• _Listed entries_
+ + + + +
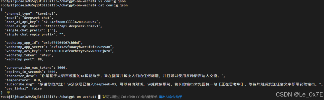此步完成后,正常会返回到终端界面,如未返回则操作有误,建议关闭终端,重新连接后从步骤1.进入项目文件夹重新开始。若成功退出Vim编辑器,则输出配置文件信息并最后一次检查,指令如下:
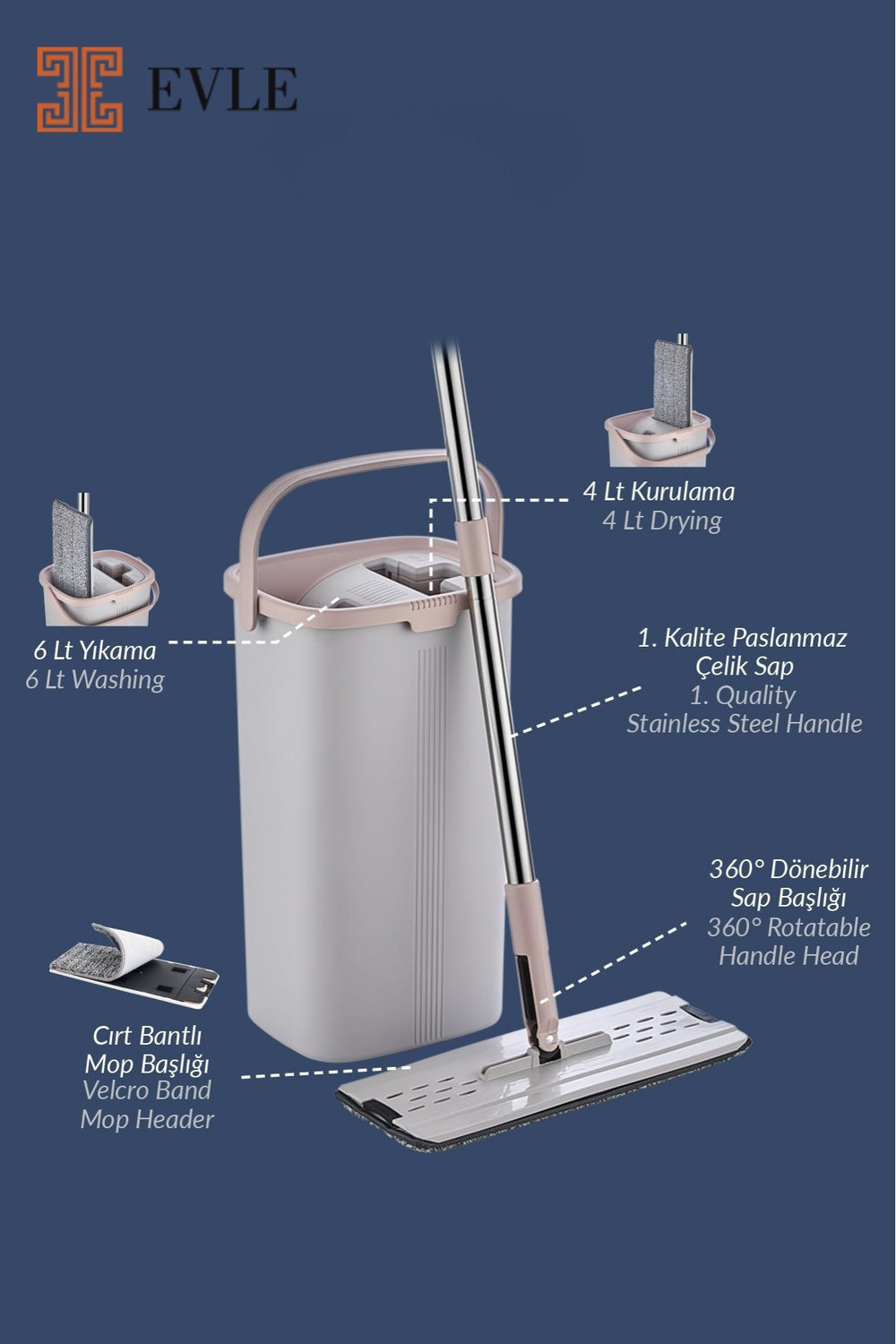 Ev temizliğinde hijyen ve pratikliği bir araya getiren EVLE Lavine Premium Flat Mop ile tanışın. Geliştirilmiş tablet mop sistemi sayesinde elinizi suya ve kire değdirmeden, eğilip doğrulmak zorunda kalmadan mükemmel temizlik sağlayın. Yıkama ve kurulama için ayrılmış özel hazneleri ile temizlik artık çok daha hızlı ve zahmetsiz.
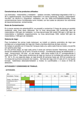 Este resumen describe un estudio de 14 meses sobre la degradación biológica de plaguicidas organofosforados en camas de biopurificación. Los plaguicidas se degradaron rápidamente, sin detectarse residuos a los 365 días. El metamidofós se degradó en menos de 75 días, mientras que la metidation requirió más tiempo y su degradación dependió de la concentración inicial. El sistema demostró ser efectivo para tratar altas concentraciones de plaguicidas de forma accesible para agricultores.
+ + + + +
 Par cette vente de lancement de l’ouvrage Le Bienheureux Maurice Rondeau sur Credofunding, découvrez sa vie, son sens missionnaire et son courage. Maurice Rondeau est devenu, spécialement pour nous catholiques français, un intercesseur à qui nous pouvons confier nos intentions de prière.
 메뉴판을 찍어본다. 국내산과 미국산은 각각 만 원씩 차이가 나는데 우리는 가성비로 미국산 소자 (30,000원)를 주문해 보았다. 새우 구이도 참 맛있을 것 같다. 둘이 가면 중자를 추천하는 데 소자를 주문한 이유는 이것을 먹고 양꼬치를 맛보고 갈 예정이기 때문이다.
+ + + + +
• _What you have to do_
Nothing should appear in the answer except the lines above from the line with "Par cette vente" through the line with "메뉴판을 찍어본다. 국내산과", both included, written out exactly.

• _Task response_
 Par cette vente de lancement de l’ouvrage Le Bienheureux Maurice Rondeau sur Credofunding, découvrez sa vie, son sens missionnaire et son courage. Maurice Rondeau est devenu, spécialement pour nous catholiques français, un intercesseur à qui nous pouvons confier nos intentions de prière.
 메뉴판을 찍어본다. 국내산과 미국산은 각각 만 원씩 차이가 나는데 우리는 가성비로 미국산 소자 (30,000원)를 주문해 보았다. 새우 구이도 참 맛있을 것 같다. 둘이 가면 중자를 추천하는 데 소자를 주문한 이유는 이것을 먹고 양꼬치를 맛보고 갈 예정이기 때문이다.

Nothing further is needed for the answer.